The diamond can give us an introductory lesson in these valuable and important variations, whilst retaining the muscle memory comfort of the nominal 442 ("442 Diamond") in England. In reality the Diamond ensures that the boxy limitations of the rigid English 442 are rather effectively are busted out of (and so done without scaring the players in my experience). First of all - and I would argue most importantly - you have a deep-lying midfielder who acts as a screen and deep pivot between, and just in front of, the centre backs (a "number 6"). This simple piece of positioning has a number of effects that encourage greater fluidity across the pitch. The centre backs feel that they have a protective screen and naturally split a little wider. The number 6 does not advance far tactically and - when in possession - acts as a third centre back. Even with two flat strikers against you, this is enough (English football often ends up with 4, which is excessive). Both full backs can therefore advance 15 yards or so beyond where they their typical average position would be with confidence. This provides an "out" ball whenever required. It should be noted at this point that the team in possession always has one option over (an "out" ball), because the defending side do not defend man for man, as this is too risky. In effect one player beating, out- muscling or running past another would result in an attacking overload "a 4v3 or 3v2" scenario that should - and often does - result in a goal. It is a repeated coaching scenario.

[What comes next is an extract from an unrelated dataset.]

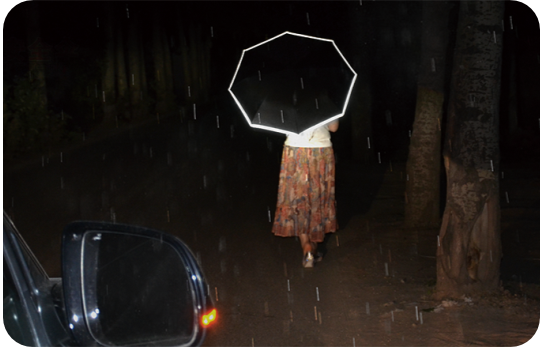汽車安全傘在傘的邊沿設有反光條,在雨天或晚上視線不好的情況下,反光條在車燈的照射下會產生反射光,讓過往車輛能及時發現雨傘使用者,達到保護使用者的目的,使其避免造成不必要的傷害。

The two players who nominally play "wide" in the diamond, should actually do no such thing. They are typically ball-retaining, tactically aware players who are comfortable tucking in to the centre if the field, though they should ideally favour the foot of the side on which they play, as they will be required to fill in wide areas. The true width should come from The full backs, who are protected by the number 6.

The diamond liberates the player at the tip of the diamond (in holland this is the classic 10, though in Italy the 10 would be a split, deep-lying striker), the Hoolahan role as Norwich fans know it, as there are 3 central players behind him, nominally releasing him from defensive duties ( we can argue about this point in due course). The system is well suited to "playing through the middle", which typically sees tighter combination play (short triangles, small changes of angles) and looks to exploit gaps in the rigid boxes of a 442, feeding balls into he 10 in a pocket of space between the flat 4 midfield and the flat 4 defenders of the opposition. An overload in this space can easily be created by the diamond when the full backs push high, the nominal wide players "tuck in" to the central midfield areas, the number 6 anchors, the Hoolahan player does not advance to the opposition defensive line and may (should in my view) even see one of the nominal "front" 2 drop into the pocket of space in front of the defence and behind the opposition midfield. A further important benefit of the diamond is that it allows two "out and out" strikers to be players, which is a much-desired option in English football. (I would contend that they tend to be forced into wider area to find space, thus splitting and separating, in the search for space and to create angles to receive a pass. This can often result in "flat" forward play and less link up. we will look at this in due course).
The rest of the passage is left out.